Tip: As part of their auditing and correction process, employers should consider providing written notice to third parties with a demand to correct their postings and retain proof of the notice. This will be particularly important where employers affirmatively use third-party services beyond their career websites.
- Discretionary Statutory Damages: Plaintiffs in the pay transparency lawsuits are arguing that they are entitled to $5,000 in statutory damages per applicant to a non-compliant posting, plus attorneys’ fees and costs. The amendment clarifies that any statutory damages will range from $100 to $5,000 per violation, with a direction to the courts and L&I to consider appropriate factors in setting the penalty amount.

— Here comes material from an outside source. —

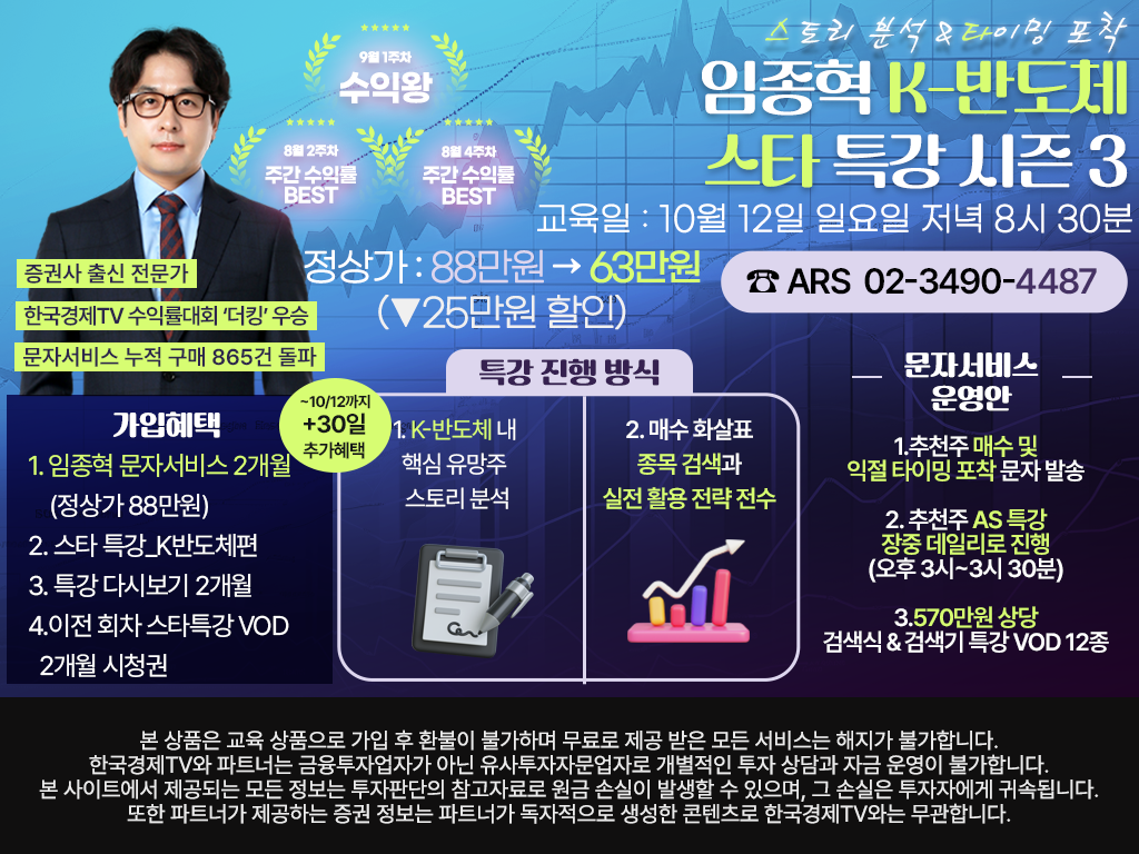 한국경제TV와 파트너는 금융투자업자가 아닌 유사투자자문업자로 개별적인 투자 상담과 자금 운영이 불가합니다.
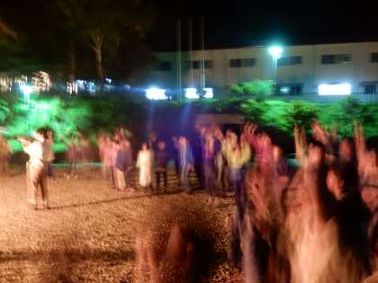 明るく大きく燃えるキャンプファイヤーに照らされて、みんなでノリノリで「ゴーストバスターズ」と「女々しくて」を踊りました。

How the amendment will impact pending lawsuits remains to be seen, but at a minimum, the relief going forward will be substantial for businesses that take this opportunity to improve their practices.
Employers can conduct a thorough review of their job postings and implement an auditing system to ensure they disclose the correct pay and benefits information in every posting. Although Washington has seen the most litigation and has some of the most detailed pay transparency requirements, other laws in approximately 21 states and local jurisdictions must be considered for nationwide compliance.